## DESCRIPTION OF THE TASK
Once the line with "그 결과 법원에서는 본" is found in the data, output it and each following line exactly, up to and including the line with "Working with interior", and nothing before or after.

## SUPPLIED MATERIAL
★ ★ ★ ★ ★ ★ ★

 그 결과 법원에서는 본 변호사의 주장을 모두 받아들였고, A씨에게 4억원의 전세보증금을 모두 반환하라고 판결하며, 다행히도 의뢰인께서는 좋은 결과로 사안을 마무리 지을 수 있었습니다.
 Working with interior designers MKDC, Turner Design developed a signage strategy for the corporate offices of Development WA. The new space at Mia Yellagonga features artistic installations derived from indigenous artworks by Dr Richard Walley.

★ ★ ★ ★ ★ ★ ★

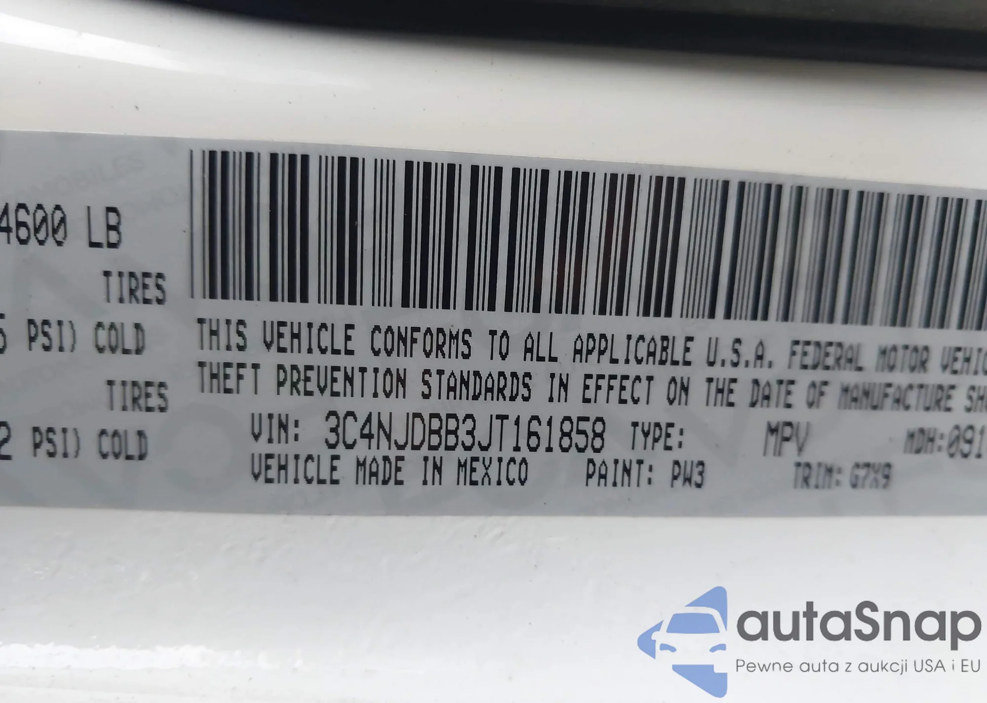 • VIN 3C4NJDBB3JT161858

★ ★ ★ ★ ★ ★ ★

## REPLY
 그 결과 법원에서는 본 변호사의 주장을 모두 받아들였고, A씨에게 4억원의 전세보증금을 모두 반환하라고 판결하며, 다행히도 의뢰인께서는 좋은 결과로 사안을 마무리 지을 수 있었습니다.
 Working with interior designers MKDC, Turner Design developed a signage strategy for the corporate offices of Development WA. The new space at Mia Yellagonga features artistic installations derived from indigenous artworks by Dr Richard Walley.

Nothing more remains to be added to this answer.